HA Voice Preview vs Pi Zero

I really would like to know how others are finding their voice assistants in regards to reliability and operation. Just over a week I have become disillusioned with the whole Pi Zero 2 & Wyoming satellite (which is almost like a pre-alpha).

One significant issue I am encountering is the Zeros stop responding, can not SSH to reboot, but they do respond to pings. So how are the HA devices in terms of 24/7 operation. Anyone finding need to power cycling, are they reliable?

Second issue I find is I often have to repeat the wake words. Sometimes I see the blinking and think all is good, it hears the question or command…and goes blank. Worse still it definitely has problems understanding. “Kitchen” is OK, but “Bathroom” or “Work Light” can be frustrating and often needs to be repeated. I can clearly say “Bathroom” and it repeats I have no device “Bunroom” or something stupid.

Third and final issue I find more annoying. The one unit that does work OK (Pi3B) is always hearing the TV or Youtube video and think it hears the wake word. So during a typical evening watching a movie it will go off every half hour at least. So how does the HA device actually work with it’s wake word. Is this reliable, does it usually respond the first time? Does it have lot of false positives?

1 Like

I have to say that this mirrors my experience exactly.

In order to try and deal with the PiZero lock ups I used a cron job to reboot the device at midnight, but long term that wasn’t much of an improvement. Repeatedly pulling the plug eventually kills the SD card which them leads to the hassle of re-imaging - but at least it is a re-image and not a re-install!

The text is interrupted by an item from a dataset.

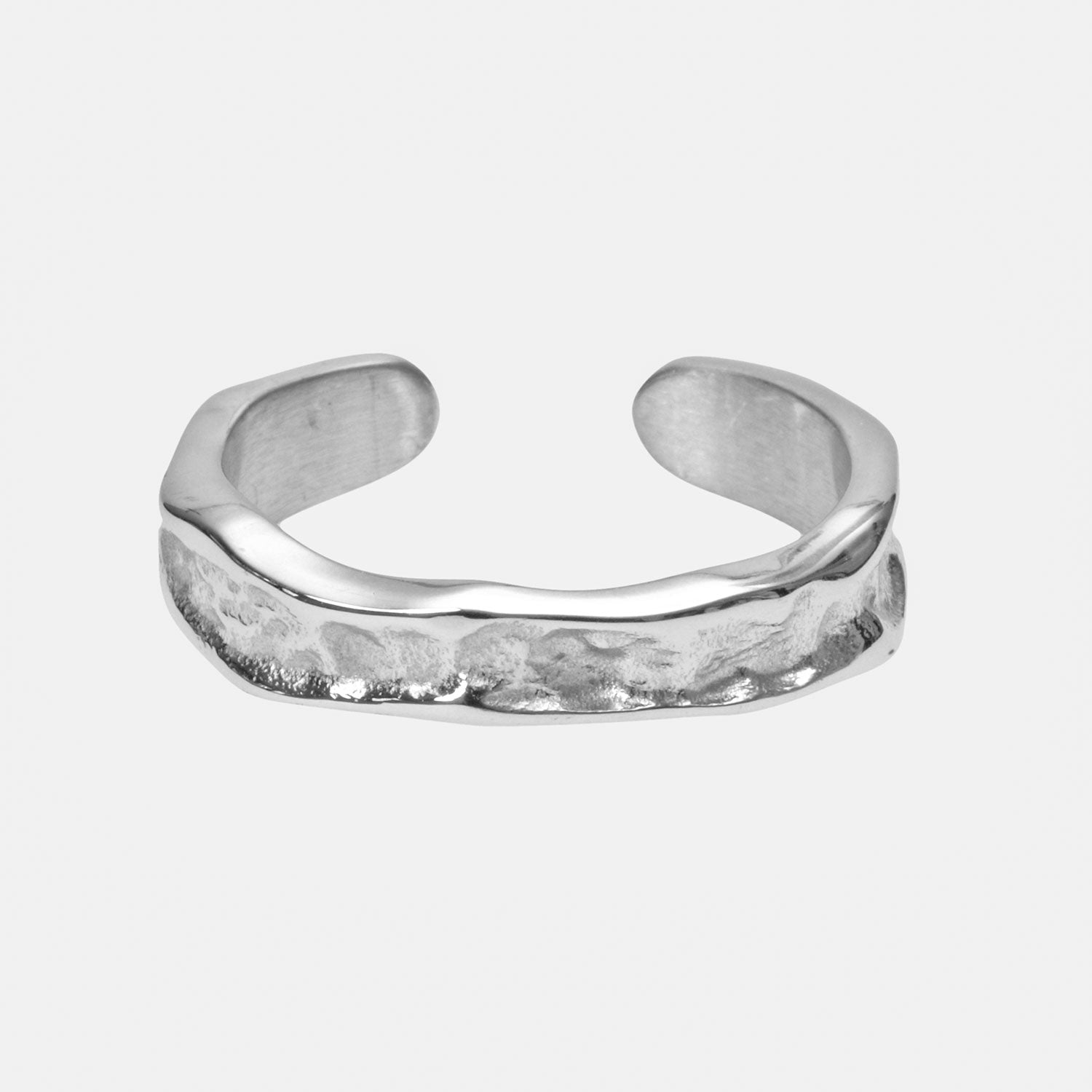 This ring brings together raw texture and timeless form — each subtle hammer mark catching light in a way that feels natural, intentional, and quietly bold.

ESP32 Box and a Pi3B-Wyoming both work exceptionally well on my desk but struggle in the ‘real’ world. Repeated false wake word detection because the TV is on or the kids have music playing rapidly lowered any approval rating for non Amazon devices in the house.

What are peoples experience of the HA Voice Preview in real life - not just in a study or workspace?

I would also really like to hear from real-life experience. I have a wyoming-sattellite running on a Pi Zero 2W with a basic USB conference speaker. I do not have any issues with lock-up, and my satellite runs fine 24/7 for days in a row though.

I did notice that the open-wakeword repo for the wyoming satellite is quite old and not been updated in quite a while (GitHub - rhasspy/wyoming-openwakeword: Wyoming protocol server for openWakeWord wake word detection system). I initially had openwakeword running on the pi zero 2W using this repo and had very poor performance. So I configured my satellite to just stream audio to my HA server and now run open-wakeword on my RPI4B which runs HA.

I have noticeably better performance. It can’t be a compute issues, since openwakeword running on the pi zero 2W was totally not stressing it, I just assume there has been further development on openwakeword which didn’t trickly down to the wyoming sattelite repo?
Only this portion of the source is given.